# Python Part II: Intro to Pandas

In Python Part I, we flew through introductory Python concepts, everything from the `print()` statement to For Loops, and used that information to write cool little applications like simulating a coin flip. At the end, we covered packages which are importable Python obejcts with defined methods and attributes. We looked at the `math` package, we includes relevant mathmatical functions like `log10()` and `gcd()`. We also looked at the `random` package, with allowed us to create random variables. 

We will now introduce the Pandas package, which is a Python package that allows users easily to manipulate datasets in Python.

*Note: In the walkthrough below, the first instance of each new Pandas method or attribute will be hyperlinked directly to the Pandas documentation for that method/attribute. Feel free to reference that documentation for additional information.*

# Part 1: The DataFrame

First, to start using Pandas, we have to import it. Typically, Pandas is imported as follows

In [7]:
import pandas as pd

The above code imports Pandas and then assigns the package a nickname, in this case `pd`. Therefore, whenever we refer to Pandas we can just type `pd`. 

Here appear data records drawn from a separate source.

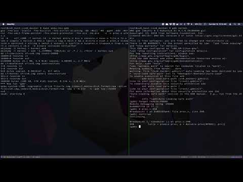 Here's a quick example of how you can use GDB with the Docker image. I'm using tmux in this video, but you can use any method to have multiple terminals.
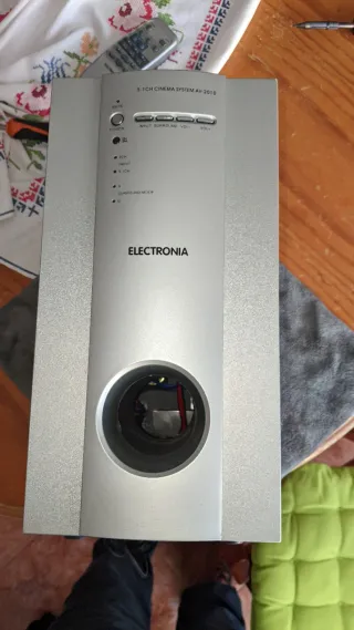 Sistema de som envolvente 5.1 CH de marca ELECTRONIA. - Modelo: AV-2010 - Múltiplos modos de som: 2CH, INPUT, 5.1CH, SURROUND MODE - Controles de volume e entrada na parte frontal. Comando e cabos.
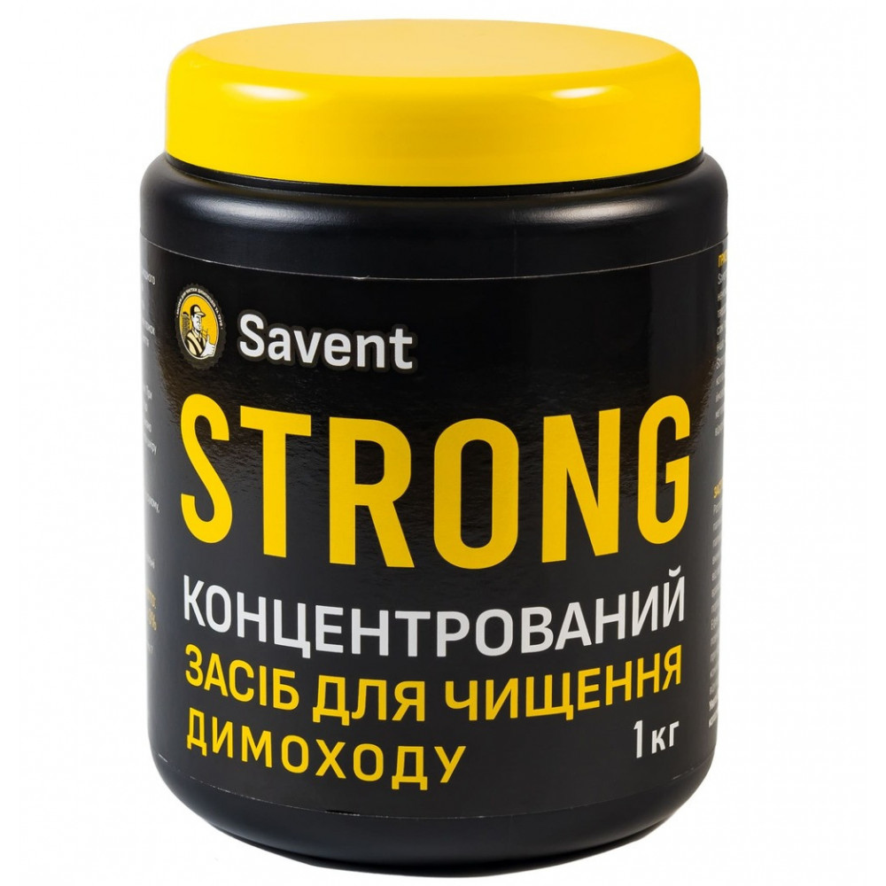Savent Strong 1кг – концентрований порошок нового покоління для немеханічного видалення сажі та смолистих відкладень у димоходах та твердопаливних приладах. Каталітична дія засобу направлена на розпушення сажі та смол і перетворення їх на попіл, частина якого вилітає через димохід, а інша – осідає на дно камери згорання. Завдяки своїм властивостям, Savent Strong сприяє збільшенню ККД, продовженню терміну служби димоходу та котла або каміна, економії палива від 10 до 20 відсотків і зменшенню ймовірності займання димоходу. Засіб призначений для очистки цегляних та металевих димоходів, твердопаливних котлів, пічок, печей-камінів, камінів відкритого та закритого типу. Застосування: Розтопіть опалювальний прилад та прогрійте його. Після години горіння палива додайте засіб у палаючий вогонь із розрахунку 1 мірна ложка на 10 кг палива. Для зручності можна насипати засіб на папір, потім згорнути його і вкинути у вогонь. Кількість порошку визначається індивідуально та залежить від вологості та сорту дров, товщини сажі та смоли в димоході. Слід враховувати, що для забрудненого димоходу та вологих дров потрібно більше порошку.

In the below code, we use Pandas to read in our first dataset, specifically the `sales.csv` file stored in the "Intro to Python - II" repository. 

In [8]:
sales_csv = r"https://raw.githubusercontent.com/cra-international/Intro-to-Python/master/Intro%20to%20Python%20-%20II/cookie_sales.csv"
sales_df = pd.read_csv(sales_csv)

In the above code, we reference the Pandas package using the `pd` notation discussed above. We then call the [`read_csv()`](https://pandas.pydata.org/pandas-docs/stable/reference/api/pandas.read_csv.html) function, which has one *required* argument, in this case the path to the file. As the documentation notes, "Any valid string path is acceptable. The string could be a URL." So in this case, we pass a URL to the function which itself points to a CSV file.

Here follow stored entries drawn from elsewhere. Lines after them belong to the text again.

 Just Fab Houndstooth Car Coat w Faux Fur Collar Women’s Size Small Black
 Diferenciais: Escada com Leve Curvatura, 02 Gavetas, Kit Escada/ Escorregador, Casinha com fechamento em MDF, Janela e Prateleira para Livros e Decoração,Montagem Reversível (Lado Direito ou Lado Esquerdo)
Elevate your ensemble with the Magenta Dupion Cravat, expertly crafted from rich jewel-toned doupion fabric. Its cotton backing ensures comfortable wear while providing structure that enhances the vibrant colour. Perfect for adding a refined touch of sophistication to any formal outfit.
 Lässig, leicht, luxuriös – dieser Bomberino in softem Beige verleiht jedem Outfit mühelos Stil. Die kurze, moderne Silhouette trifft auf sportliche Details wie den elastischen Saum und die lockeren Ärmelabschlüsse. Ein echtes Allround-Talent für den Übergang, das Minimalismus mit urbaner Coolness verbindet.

Great! So, what was returned by this `read_csv()` function? Let's find out! We can use Python's built-in `type()` function to find out.

In [9]:
print(type(sales_df))

<class 'pandas.core.frame.DataFrame'>


In this case, what was returned was a *dataframe*, which is a data type we haven't seen before. That's because dataframes are defined by the Pandas package. We will spend the majority of our time learning about dataframes, as this is where all the magic happens. Dataframes not only store data, but they also have *methods* that allow us to manipulate the data easily. 

### Now you try! 

Create a new dataframe, called `price_df`, that takes the value of the data stored in the `cookie_prices.csv` file. The URL to that file has already been stored in the `price_url` variable below. 

In [5]:
price_url = r"https://github.com/cra-international/Intro-to-Python/blob/master/Intro%20to%20Python%20-%20II/cookie_prices.csv"


## Part 2: Exploring Data

Now that we can read in the data, the next step is to explore the data and see what it looks like. So let's learn our first Pandas function. We can get a quick glimpse of the data by using the [`.head()`](https://pandas.pydata.org/pandas-docs/stable/reference/api/pandas.DataFrame.head.html) method, which by default prints the first five observations of the dataset.

In [10]:
sales_df.head()

Unnamed: 0,Troop Number,Cookie,Boxes Sold,Notes
0,179,Thin Mints,43.0,
1,179,Caramel deLites,16.0,
2,179,Peanut Butter Patties,22.0,
3,179,Girl Scout S'mores,11.0,
4,179,Lemonades,34.0,


Here we see that there are 4 columns - Troop Number, Cookie, state, Boxes Sold, and Notes. Based on the looks of it, this looks like Girl Scout Cookie Sales data by Troop and Cookie type.

We can also look at the shape of the data using the [`.shape`](https://pandas.pydata.org/pandas-docs/stable/reference/api/pandas.DataFrame.shape.html) attribute. We have not covered attributes up to this point, but an *attribute* is a static value associated with a Python object. Like methods, attributes are accessed using the dot operator, however they are not followed by any parentheses. In this case, the `.shape`, attribute of a Pandas DataFrame returns a *tuple* of the number of observations and number of columns in the DataFrame, in that order. We will talk more about tuples below.

In [13]:
print(sales_df.shape)

(40, 4)


Based on this, we can see that the first value of the tuple if `40` and the second is `4`, indicating that there are 40 observations and 4 columns in `sales_df`. Tuples are very simlar to lists as they are ordered and therefore can be accessed using positional indexing. For example, we can get just the number of observations of `sales_df` by doing the following

In [15]:
print("sales_df has", sales_df.shape[0] , "observations.")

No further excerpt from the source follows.